The Open has St Andrews, the US Open has Pebble Beach - at least, that's how the Americans try to sell it.
It's a typically ballsy piece of American bombast: claiming half a millennium of history for a venue that's less than a hundred years old, and suggesting that four admittedly-exciting US Opens can somehow stack up against 27 Open Championships that have been held at the Old Course.
Yet for all that, Bunker Mentality can't help but buy into the dream lock, stock and smoking 5-iron.
Faced with the 'Death Row Final Meal' test - if you could only play one last round of golf in your life, where would it be? - then we'd have no hesitation whatsoever in naming Pebble as the venue.
It would be a ridiculous choice: the course is, our spies tell us, ludicrously over-golfer (it's open to anybody staying in the hotel); the weather often appalling along the Monterrey Peninsula, even in the height of summer; and aside from the eye-catching clifftop holes, much of the rest of the course is merely great as opposed to 'die-happy-after-walking-off unbelievable'.
Yet that's what we'd go for. There's something about the romance of the West Coast setting, and then of course there are those glorious feature holes - the 7th, 8th, 10th and 18th being chief among them.
They are holes so glorious that just to see them is to believe that God is a golfer, so perfect is the harmony between what nature provides and where man has decided to cut eighteen four-and-a-half-inch holes in the turf.
But there's more than that. Pebble's US Open history might be short, but the fact that the roster of winners includes the greatest players of their eras gives those tournaments extra credibility somehow: Jack Nicklaus, Tom Watson, Tom Kite and Tiger Woods. With names like that painted on the honours board over the clubhouse bar, it's no wonder the course has become America's darling.
So BM for one can't wait for the players to tee off this Thursday. Will the Europeans end 40 years of disappointment in the tournament? Can Tiger throw off his troubles at the scene of his greatest triumph?
All will be revealed in due course. But for now, to get you all in the mood, here's a quick reminder of how US Opens at Pebble Beach have all turned out to be so incredibly special.
1972: Nicklaus hits the flag on 17th with famous 1-iron
With the wind blowing at Pebble Beach, all the main contenders for the US Open edged over par on the final day - and Jack Nicklaus was no different, clinging on to a narrow lead with two holes left to go.
But this was Nicklaus at the peak of his powers: he had come to Pebble Beach on the back of victories in the previous season's US PGA Championship and the Masters a few months earlier, and was desperately trying to win the Grand Slam in a season. Summoning almost superhuman resources, he flashed a 1-iron at the par-3 that hit the flag and finished just inches away to guarantee the birdie that put the result beyond doubt.

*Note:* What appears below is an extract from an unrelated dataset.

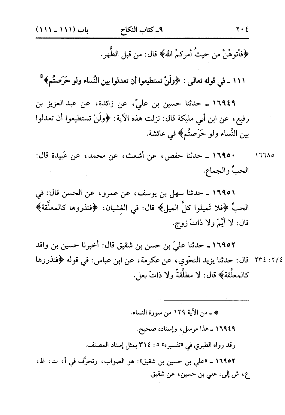 111 - فِي قَوْلِهِ تَعَالَى : {وَلَنْ تَسْتَطِيعُوا أَنْ تَعْدِلُوا بَيْنَ النِّسَاءِ وَلَوْ حَرَصْتُمْ}.

The Golden Bear finished the job to win - but sadly his Grand Slam ambition turned to heartbreak the next month at Muirfield when Lee Trevino's outrageous chip-in denied him at The Open.
1982: Tom Watson chips in to win the US Open
With Jack Nicklaus ahead in the clubhouse watching on TV after a stunning final round, Watson came to the 17th tee needing two pars over the tough final two holes to win the US Open for the first time.
Disaster appeared to have struck when Watson put his ball in the rough on the par-3 17th, facing a tough chip shot onto the rock-hard green that would have left most players fearing for their chances.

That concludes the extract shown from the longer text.